Lebih lanjut, Dwi menyebutkan bahwa setiap instansi pemerintah, lembaga, asosiasi, dan pihak lain, wajib memberikan data dan informasi yang berkaitan dengan perpajakan kepada Direktorat Jenderal Pajak yang ketentuannya diatur dengan Peraturan Pemerintah. Saat ini, untuk memudahkan dan efisiensi data perpajakan, dibutuhkan integrasi data yang baik.
“Setiap Wajib Pajak yang telah memenuhi persyaratan subjektif dan objektif wajib mendaftarkan diri untuk diberikan NPWP. Menteri Dalam Negeri melalui Dirjen Dukcapil memberikan hak akses data kependudukan dan databalikan dari pengguna kepada Menteri Keuangan untuk diintegrasikan dengan basis data perpajakan. Menteri Keuangan mendelegasikan kepada Dirjen untuk menerima dan meminta data kependudukan dan databalikan dari pengguna dari Menteri Dalam Negeri,” tambahnya.
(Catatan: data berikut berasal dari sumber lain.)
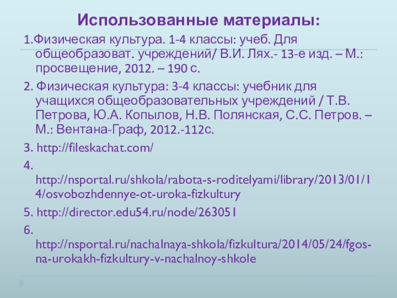 физической культуры в начальной школе в процессе реализации ФГОС.

Publik yang merupakan wajib pajak memperoleh hak untuk mendapatkan layanan publik terkait data dan keterbukaan data. Untuk memperoleh informasi publik yang ada di DJP, masyarakat dapat menyampaikan permohonan informasi kepada PPID (Pejabat Pengelola Informasi dan Dokumentasi) Tingkat I/II/III. Kemudian, Dwi menjelaskan lebih lanjut mengenai kode etik dan rahasia pegawai DJP.
“Kode Etik dan Kode Perilaku adalah pedoman sikap, tingkah laku, dan perbuatan Pegawai dalam melaksanakan tugas pokok dan fungsi serta pergaulan hidup sehari-hari yang bertujuan untuk menjaga martabat dan kehormatan Pegawai, bangsa, dan negara. Majelis adalah tim yang bersifat tidak tetap (ad hoc) yang dibentuk di lingkungan Direktorat Jenderal Pajak dan bertugas melakukan penegakan atas pelanggaran Kode Etik dan Kode Perilaku yang dilakukan oleh Pegawai berdasarkan asas kejujuran dan keadilan,” ungkapnya.
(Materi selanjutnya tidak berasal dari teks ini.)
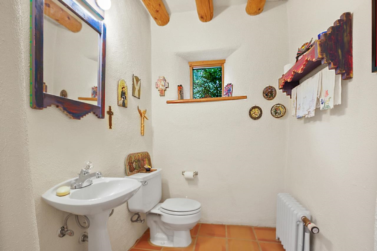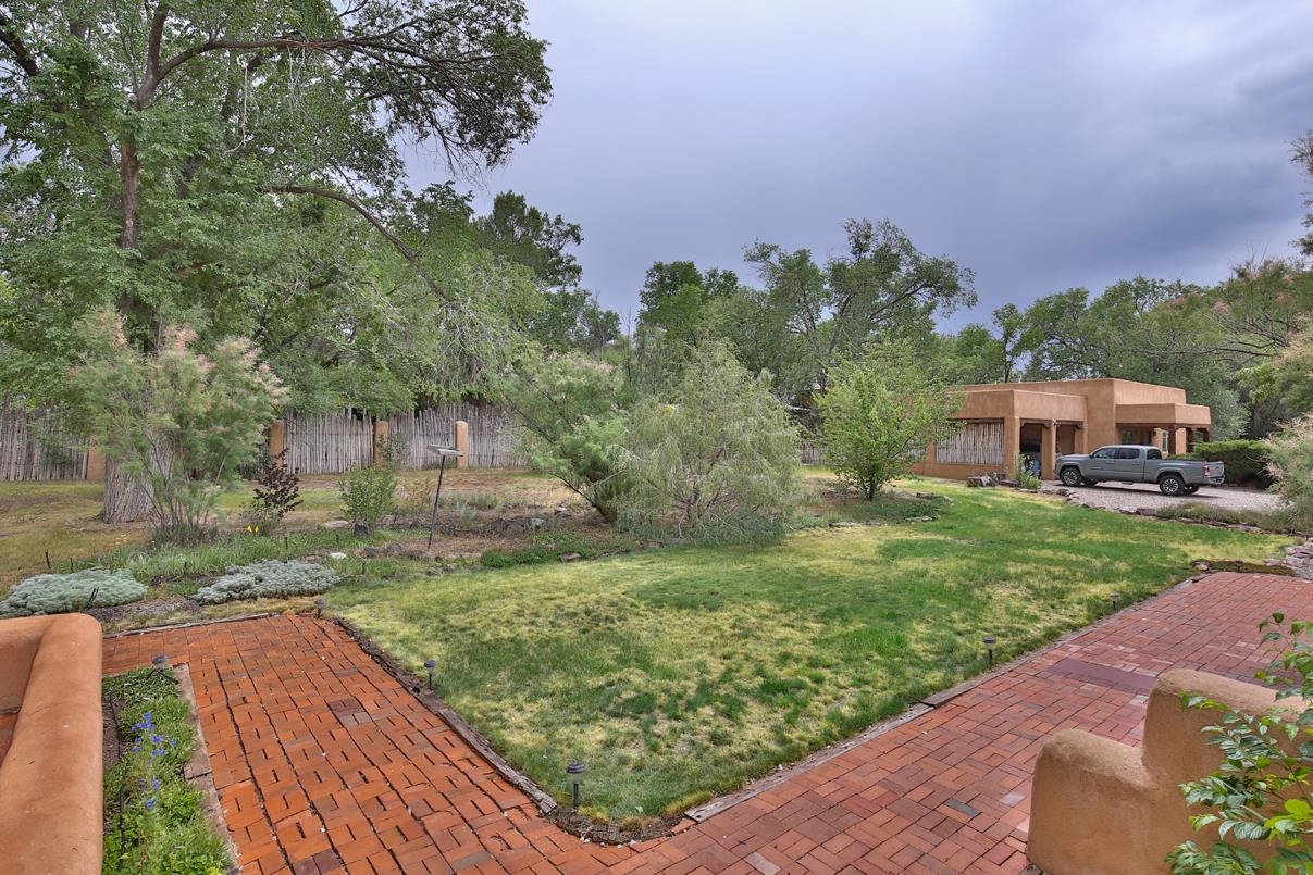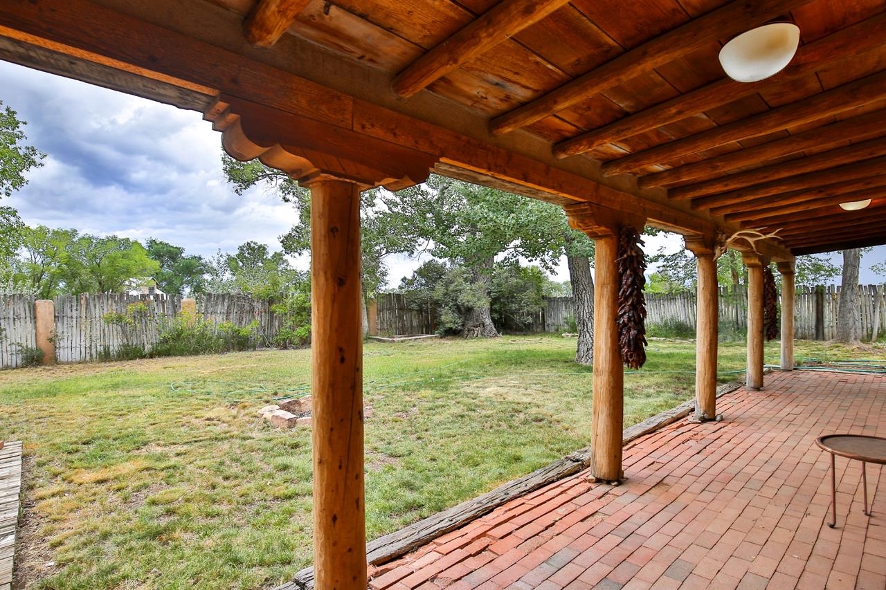 Privately set on 5.33 irrigated acres at the south end of Taos, this rare over-100-year-old, double-thick adobe estate offers enduring craftsmanship, warmth, and authenticity that cannot be replicated. Originally built in 1928, the substantial adobe walls provide exceptional insulation, quiet, and structural presence—hallmarks of true historic Taos construction. The home features seven traditional kiva fireplaces, creating warmth, character, and ambiance throughout multiple living spaces. A gracious central hallway serves as a gallery-style entrance, ideal for art display, and connects spacious rooms that flow naturally for both everyday living and entertaining. The kitchen, breakfast nook, formal dining room, library, and office provide a flexible and functional layout with room to gather or retreat. With four bedrooms, three with ensuite baths, the home offers comfort and privacy for residents and guests. An attached art studio with a two-car carport adds versatility and presents an excellent opportunity for conversion into a guest casita, creative studio, or private retreat. The expansive acreage and irrigated land create a true compound setting, offering ample room for future improvements such as additional guest structures, gardens, or recreational spaces (subject to approvals). Rich in history, substance, and potential, this distinctive adobe property represents a rare opportunity to own an authentic Taos estate with room to grow.

Pelanggaran, kata Dwi, merupakan segala bentuk ucapan, tulisan, gambar dan/atau perbuatan Pegawai Yang bertentangan dengan Kode Etik dan Kode Perilaku Pegawai./ Pelapor adalah pihak yang memberitahukan kepada Pejabat yang Berwenang terkait adanya Pelanggaran Kode Etik dan Kode Perilaku Pegawai yang sedang dan/atau telah terjadi. Sedangkan, terlapor adalah Pegawai yang diduga melakukan Pelanggaran Kode Etik dan Kode Perilaku Pegawai.
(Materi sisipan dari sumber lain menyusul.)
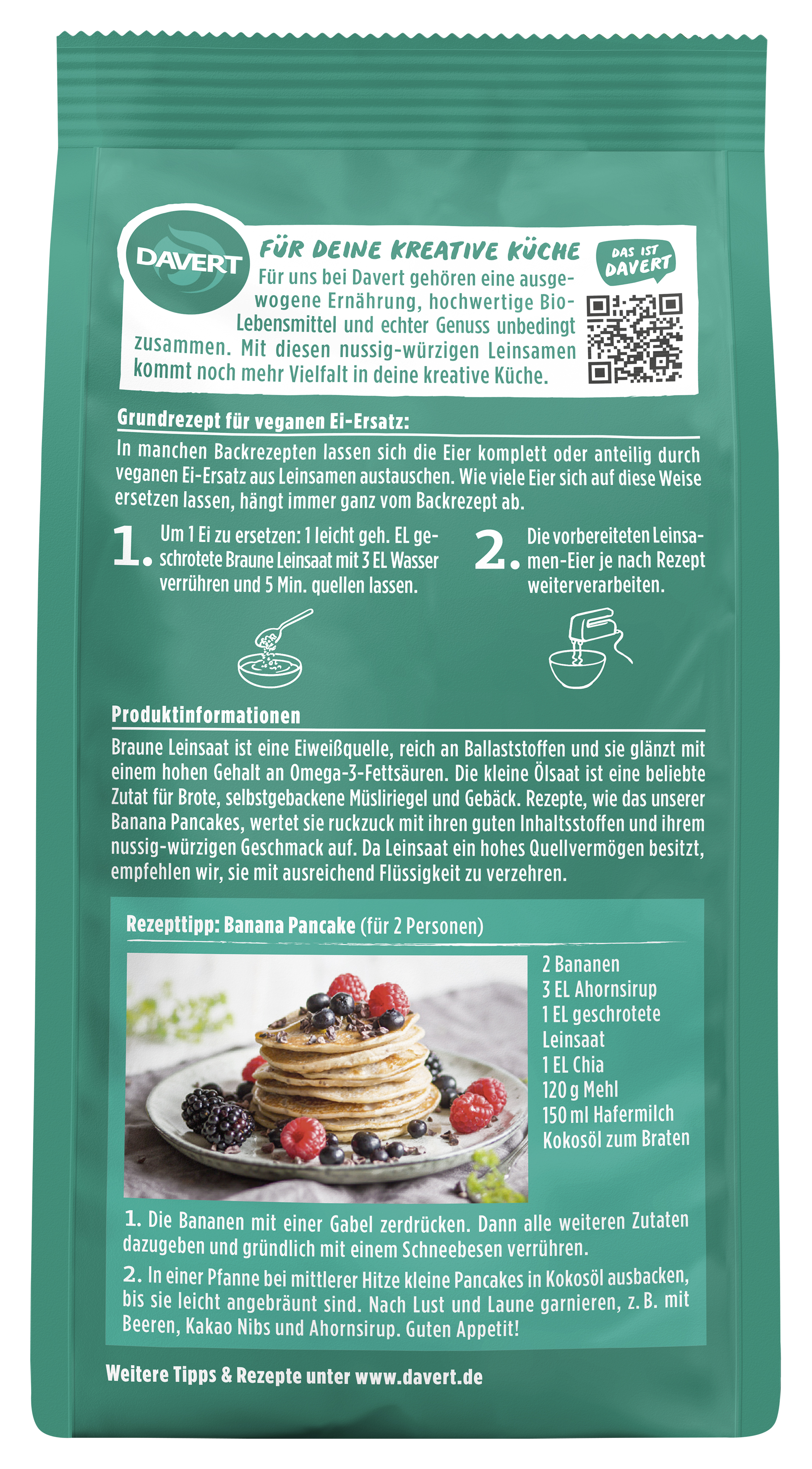 Braune Leinsaat ist eine Eiweißquelle, reich an Ballaststoffen und sie glänzt mit einem hohen Gehalt an Omega-3-Fettsäuren. Die kleine Ölsaat ist eine beliebte Zutat für Brote, selbstgebackene Müsliriegel und Gebäck. Rezepte, wie das unserer Banana Pancakes, wertet sie ruckzuck mit ihren guten Inhaltsstoffen und ihrem nussig-würzigen Geschmack auf. Da Leinsaat ein hohes Quellvermögen besitzt, empfehlen wir, sie mit ausreichend Flüssigkeit zu verzehren.

Sebagai informasi, hal ini diungkapkan oleh Dwi dalam Kegiatan Kuliah Tamu Mata Kuliah Sistem dan Prosedur Perpajakan, Departemen Ilmu Administrasi Fiskal Fakultas Ilmu Administrasi Universitas Indonesia dengan Tema “Kode Etik dan Rahasia Jabatan Pegawai DJP : Kebijakan dan Implementasinya” pada Rabu, 31 Mei 2023 di Auditorium EDISI 2020 Gedung M FIA UI Depok.